/---
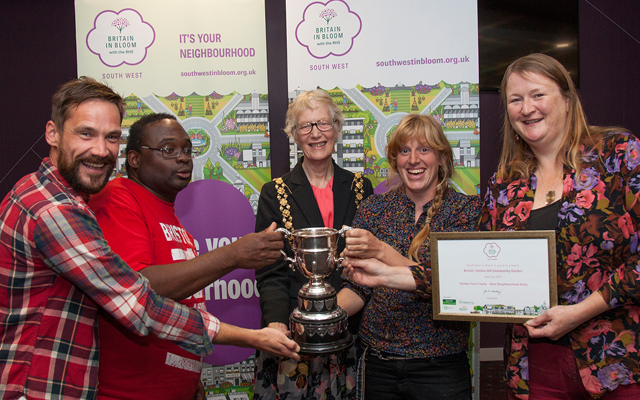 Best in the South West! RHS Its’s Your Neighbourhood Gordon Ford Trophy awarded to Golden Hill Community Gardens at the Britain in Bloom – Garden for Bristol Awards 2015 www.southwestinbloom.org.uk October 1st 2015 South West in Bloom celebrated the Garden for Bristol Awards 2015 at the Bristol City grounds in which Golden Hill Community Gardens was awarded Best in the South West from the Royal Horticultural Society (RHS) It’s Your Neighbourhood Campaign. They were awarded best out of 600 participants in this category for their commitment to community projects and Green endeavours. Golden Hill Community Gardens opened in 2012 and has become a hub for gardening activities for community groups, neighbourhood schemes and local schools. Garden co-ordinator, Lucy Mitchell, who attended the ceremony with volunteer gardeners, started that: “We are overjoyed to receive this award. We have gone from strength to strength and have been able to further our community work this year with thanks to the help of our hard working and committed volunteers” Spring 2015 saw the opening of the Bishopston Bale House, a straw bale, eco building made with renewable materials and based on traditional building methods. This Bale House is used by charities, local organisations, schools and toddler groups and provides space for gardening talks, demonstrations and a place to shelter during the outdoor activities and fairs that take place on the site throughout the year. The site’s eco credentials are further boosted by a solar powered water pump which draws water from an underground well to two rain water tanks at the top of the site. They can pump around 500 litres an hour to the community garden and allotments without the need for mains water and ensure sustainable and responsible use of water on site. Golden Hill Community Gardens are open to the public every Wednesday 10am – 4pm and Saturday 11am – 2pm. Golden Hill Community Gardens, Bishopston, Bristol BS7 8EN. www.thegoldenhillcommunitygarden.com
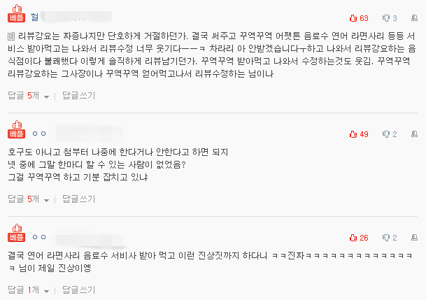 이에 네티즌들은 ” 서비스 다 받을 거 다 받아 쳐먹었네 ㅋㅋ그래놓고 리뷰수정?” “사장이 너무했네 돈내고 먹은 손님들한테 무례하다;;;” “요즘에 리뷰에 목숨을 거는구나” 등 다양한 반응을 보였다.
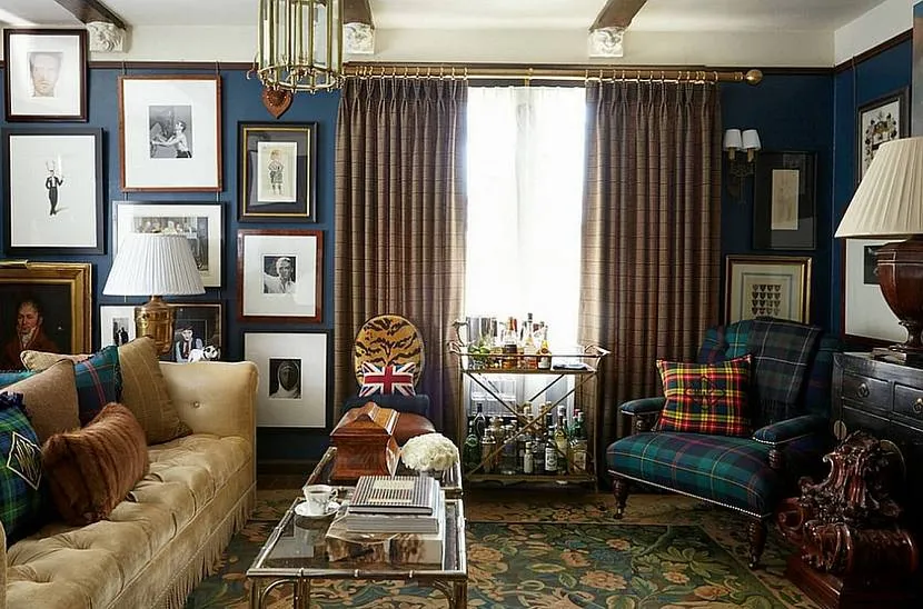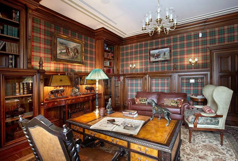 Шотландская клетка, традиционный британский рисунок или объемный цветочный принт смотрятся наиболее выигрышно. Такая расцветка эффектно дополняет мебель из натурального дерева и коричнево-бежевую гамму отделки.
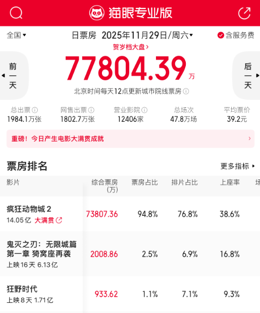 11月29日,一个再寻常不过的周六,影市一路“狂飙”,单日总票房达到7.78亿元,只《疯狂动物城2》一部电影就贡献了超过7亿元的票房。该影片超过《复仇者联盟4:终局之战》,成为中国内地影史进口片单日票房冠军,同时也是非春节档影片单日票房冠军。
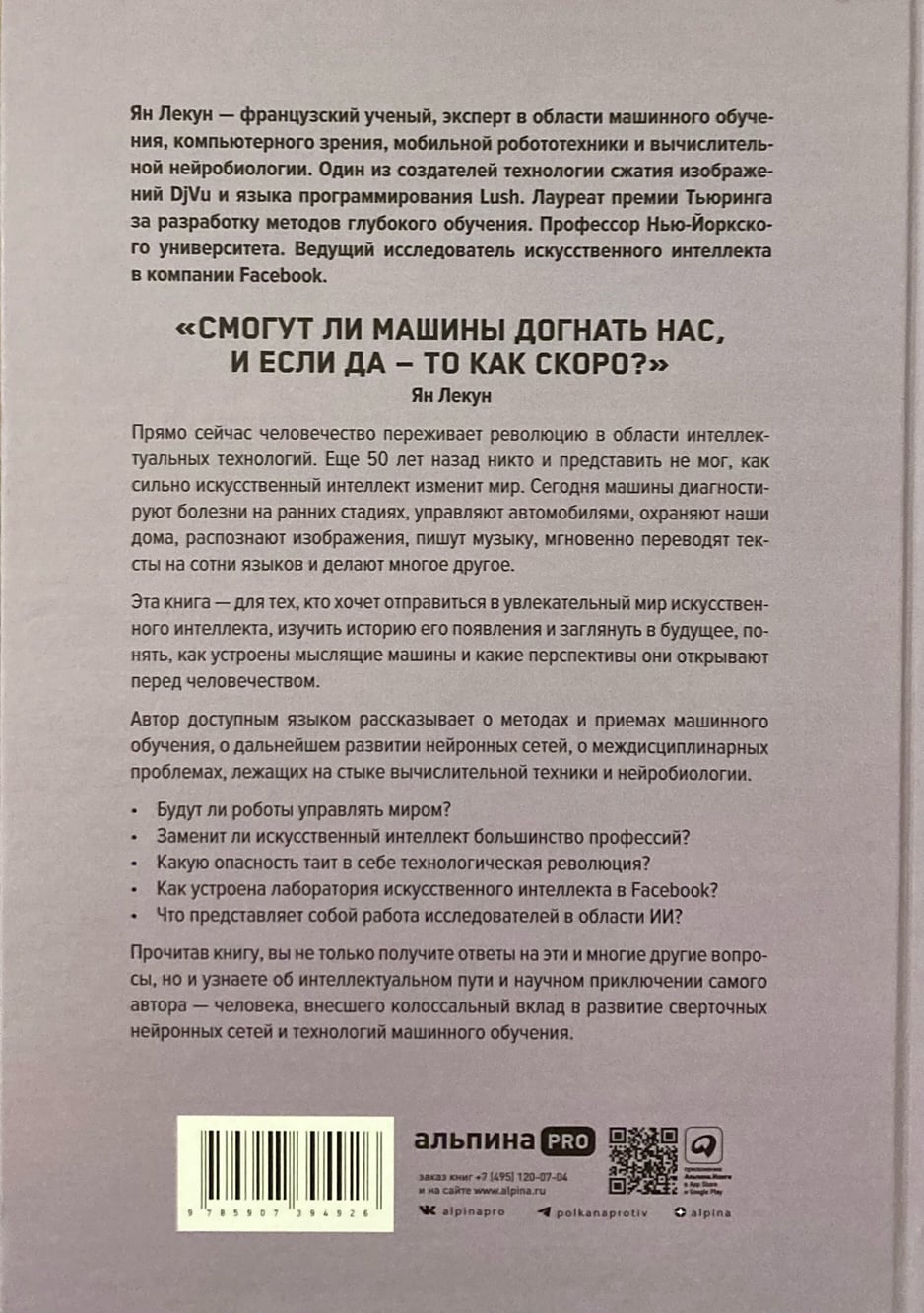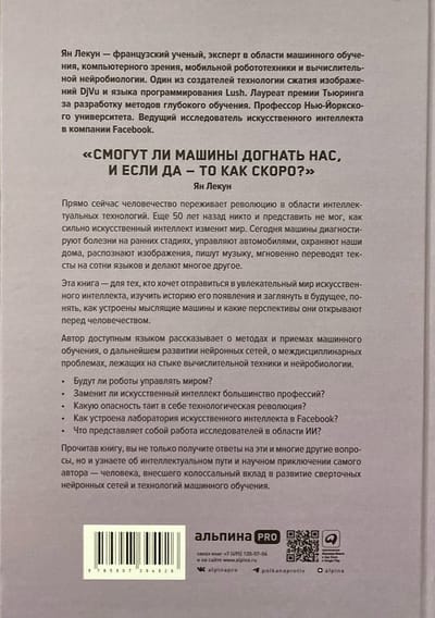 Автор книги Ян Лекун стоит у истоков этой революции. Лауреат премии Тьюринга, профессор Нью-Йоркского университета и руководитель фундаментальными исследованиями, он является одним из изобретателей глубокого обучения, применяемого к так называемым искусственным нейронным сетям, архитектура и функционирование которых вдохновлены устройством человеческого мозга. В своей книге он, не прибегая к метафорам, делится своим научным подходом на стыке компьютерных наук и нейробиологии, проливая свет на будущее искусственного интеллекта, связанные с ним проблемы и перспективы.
\---
/---
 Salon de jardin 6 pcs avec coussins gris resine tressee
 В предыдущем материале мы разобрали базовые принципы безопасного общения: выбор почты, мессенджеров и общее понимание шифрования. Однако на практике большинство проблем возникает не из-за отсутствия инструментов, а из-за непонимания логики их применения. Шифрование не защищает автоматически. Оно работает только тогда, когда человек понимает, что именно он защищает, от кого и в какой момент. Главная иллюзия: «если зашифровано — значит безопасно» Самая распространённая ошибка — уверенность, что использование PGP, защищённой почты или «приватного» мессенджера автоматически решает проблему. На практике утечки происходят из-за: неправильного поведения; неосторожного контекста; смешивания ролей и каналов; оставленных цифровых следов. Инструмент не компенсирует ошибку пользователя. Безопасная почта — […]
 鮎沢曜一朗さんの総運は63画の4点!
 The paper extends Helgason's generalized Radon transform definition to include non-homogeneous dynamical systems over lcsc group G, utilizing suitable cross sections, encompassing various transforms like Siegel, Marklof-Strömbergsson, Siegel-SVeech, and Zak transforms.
\---
/---
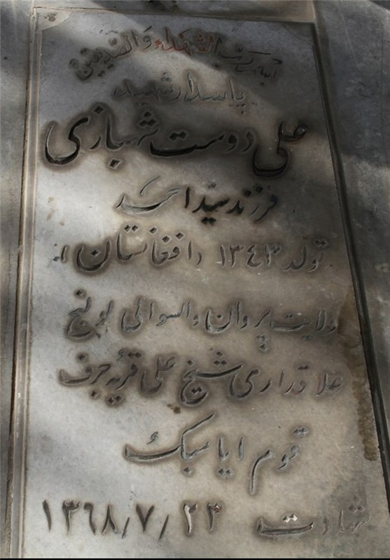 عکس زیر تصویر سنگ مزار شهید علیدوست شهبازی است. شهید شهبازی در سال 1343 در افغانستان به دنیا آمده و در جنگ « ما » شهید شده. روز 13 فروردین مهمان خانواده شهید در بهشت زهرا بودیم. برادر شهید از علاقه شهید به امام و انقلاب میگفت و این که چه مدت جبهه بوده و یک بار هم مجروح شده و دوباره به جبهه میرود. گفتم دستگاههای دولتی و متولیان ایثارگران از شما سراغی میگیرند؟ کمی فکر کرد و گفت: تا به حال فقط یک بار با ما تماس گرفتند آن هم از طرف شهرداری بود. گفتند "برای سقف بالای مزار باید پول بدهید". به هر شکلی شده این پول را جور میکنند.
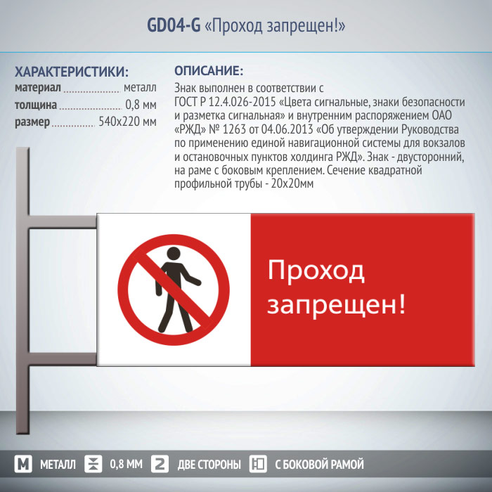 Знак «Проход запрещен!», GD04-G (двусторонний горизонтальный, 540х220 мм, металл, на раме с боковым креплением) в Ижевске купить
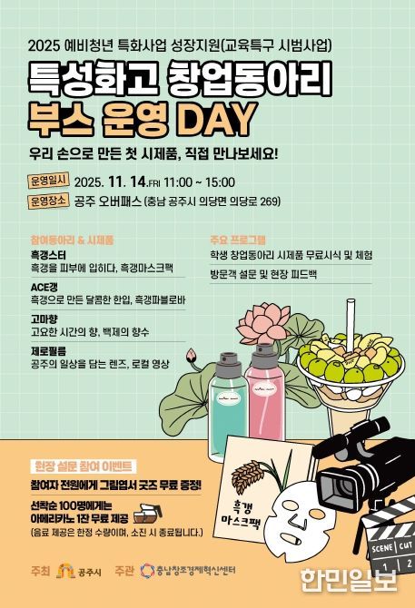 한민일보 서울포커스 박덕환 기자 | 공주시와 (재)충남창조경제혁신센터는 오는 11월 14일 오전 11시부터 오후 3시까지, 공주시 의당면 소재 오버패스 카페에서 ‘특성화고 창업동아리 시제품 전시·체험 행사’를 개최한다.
\---
■ Work instructions ■
Taking the entries above, print exactly the lines starting at the line with "鮎沢曜一朗さんの総運は63画の4点!" and ending at the line with "The paper extends", both included.

■ Result of this exercise ■
 鮎沢曜一朗さんの総運は63画の4点!
 The paper extends Helgason's generalized Radon transform definition to include non-homogeneous dynamical systems over lcsc group G, utilizing suitable cross sections, encompassing various transforms like Siegel, Marklof-Strömbergsson, Siegel-SVeech, and Zak transforms.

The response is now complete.